La storia è nota: Colombo riporta per filo e per segno sia la navigazione, sia la scoperta del nuovo continente, che lui fino alla fine continuò a scambiare per l'Asia. Tra le sue annotazioni trovano posto la minuziosa descrizione di piante e animali, ma soprattutto degli usi e costumi dei nativi del luogo, che in conseguenza della colonizzazione, vennero convertiti al Cristianesimo, ma soprattutto decimati. Insomma, una testimonianza di prima mano dei delitti commessi dagli spagnoli nel loro tentativo di conquistare nuove terre e impadronirsi delle enormi ricchezze di quel continente.
E che dire di “Relazione del primo viaggio intorno al mondo” di Antonio Pigafetta? È il resoconto completo della storica e drammatica circumnavigazione del globo di Ferdinando Magellano, uno dei più grandi navigatori di tutti i tempi. Leggere questo libro è come fare un viaggio nel tempo: la capacità di questo navigatore e geografo veneziano, vi lascerà a bocca aperta. Quelle sì, che erano avventure!
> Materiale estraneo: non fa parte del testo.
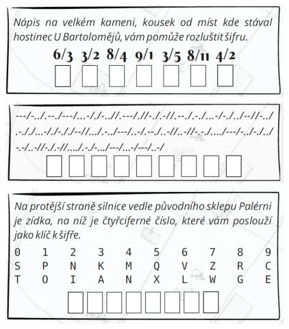 Historie s důrazem na období 1. republiky a následné osudy každého hostince jsou zpracovány na přehledné oboustranné kartičce, která vychází vždy 8. dne v měsíci. (Opět ta osmička!) V nejednom čtenáři se tak kromě očekávání a těšení zažehla i sběratelská vášeň. (No, kdo by nechtěl mít ucelenou kolekci!) Každá kartička je navíc obohacena o jednoduchou šifru, k jejímuž vyřešení je třeba zjistit klíč. Ten je k nalezení pouze na místě, kde hostinec původně stával, a je tedy třeba se tam vypravit. K lokalizaci tohoto místa slouží, kromě mapy, přesné GPS souřadnice a slovní popis současné podoby. Každá šifra má jedinečnou formu (např. Caesarova šifra, Morseova abeceda…) a i klíč má vždy jinou podobu (nápis na zdi, lísteček s heslem, pamětní kámen…). Odměnou za vyluštění šifry je razítko do mapky, a aby čtenáři měli nějakou motivaci, domluvili jsme pro první úspěšné luštitele poukázky do blízké hospůdky. Těm, kterým se šifry louskat nechce, zůstává alespoň hezká sada kartiček s mapou, které jsou vyvedeny na kvalitním papíru a poskládány do praktické obalové kapsičky.

L'opera riporta notizie su flora, fauna e abitanti, ma di nuovo, si concentra sugli aspetti culturali delle popolazioni incontrate, che in un giro del mondo sono davvero tante. Immaginate un pugno di uomini che per la prima volta si trova faccia a faccia con popolazione primitive, che non hanno mai visto uno straniero. Pensate cosa dovevano aver provato quei marinai, su quelle navi che erano poco più di un guscio di noce, in balia di oceani mai navigati.
Cercate di immedesimarvi in quei superstiti che, dopo aver perso la maggior parte dei loro compagni, lottano strenuamente per tornare a casa. Forse lo stile non è propriamente “moderno”, ma il tema è avvincente come pochi!
La letteratura di viaggio nel Settecento
Con l'arrivo dell'Illuminismo, tutto cambia. Con la voglia di evolversi, di abbandonare per sempre le superstizioni medievali e con il desiderio di approcciarsi all'esistenza mediando la realtà solo attraverso la ragione, anche il viaggiare diventa altro.
Ora non sono più solo i mercanti, i soldati, il clero e i pellegrini a solcare il continente europeo, ma intere schiere di giovani, mossi dal desiderio di conoscere e di aprirsi all'arte, alla cultura e alla bellezza in senso lato. È l'epoca del Grand Tour, una sorta di viaggio di formazione, che i giovani facoltosi provenienti soprattutto dal Nord Europa, facevano nel nostro paese, attratti tanto dalla nostra arte, quanto dalla possibilità di soggiornare in città come Roma o Napoli, dove si riuniva tutto il bel mondo della letteratura e della scienza dell'epoca.